Let the eco system grow and frame Laws simultaneously. There should be a body who can keep a watch on the development of the eco system, should advise the RBI & Govt. on the growth pattern so that sound proof mechanism can be developed to regulate the crypto & blockchain industry. 

Infact surprising trend was noticed in India when there was news of banning cryptos by RBI during few months back. More number of new entrants were there and for this you can refer to the news published in ET .


Banning the Cryptos is not the feasible solution. 

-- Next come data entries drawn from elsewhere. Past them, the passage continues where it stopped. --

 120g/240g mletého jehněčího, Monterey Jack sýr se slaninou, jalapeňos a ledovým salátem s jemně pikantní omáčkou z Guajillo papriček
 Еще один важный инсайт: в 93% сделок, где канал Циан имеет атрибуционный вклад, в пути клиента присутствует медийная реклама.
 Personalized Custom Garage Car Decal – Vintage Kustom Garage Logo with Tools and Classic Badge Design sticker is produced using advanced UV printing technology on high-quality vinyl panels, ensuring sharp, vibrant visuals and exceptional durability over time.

Like complete lockdown for ever is not the solution to control Corona virus.  

Latest news from Govt. circles as per news published in Economic Times:


Indian Government to Set up Panel of Experts to Take a Fresh Look at Regulating Cryptocurrencies: Report

The Indian government is reportedly looking to form a new “panel of experts” to focus on ways to regulate the cryptocurrency industry in the country. “There is a view within the government that the recommendations made by Subhash Garg are dated and a fresh look is needed at use of cryptos rather than a total ban,” local media reported.

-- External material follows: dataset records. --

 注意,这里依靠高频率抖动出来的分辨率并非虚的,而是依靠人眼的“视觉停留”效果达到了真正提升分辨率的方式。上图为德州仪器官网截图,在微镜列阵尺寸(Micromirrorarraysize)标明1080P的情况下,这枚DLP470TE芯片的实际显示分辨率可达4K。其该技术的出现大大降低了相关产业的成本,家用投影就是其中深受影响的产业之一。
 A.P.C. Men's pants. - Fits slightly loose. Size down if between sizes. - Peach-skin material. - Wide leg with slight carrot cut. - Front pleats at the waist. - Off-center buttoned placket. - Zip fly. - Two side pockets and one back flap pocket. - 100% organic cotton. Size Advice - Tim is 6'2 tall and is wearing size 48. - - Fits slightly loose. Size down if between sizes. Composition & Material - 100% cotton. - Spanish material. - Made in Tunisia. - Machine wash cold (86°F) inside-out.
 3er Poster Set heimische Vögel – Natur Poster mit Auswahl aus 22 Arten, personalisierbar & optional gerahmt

Indian Government Re-Examining Crypto Bill

The Indian government is considering forming a new “panel of experts to study the possibility of regulating cryptocurrency in India,” The Economic Times reported Wednesday, citing three sources privy of the discussions.

The committee could be exploring the use of blockchain technology and suggesting ways to regulate cryptos as digital assets instead of a currency. It may also study ways to operationalize the digital rupee to be created by the central bank, the Reserve Bank of India (RBI). An official familiar with the matter told the publication:

There is a view within the government that the recommendations made by Subhash Garg are outdated and a fresh look is needed at use of cryptos rather than a total ban.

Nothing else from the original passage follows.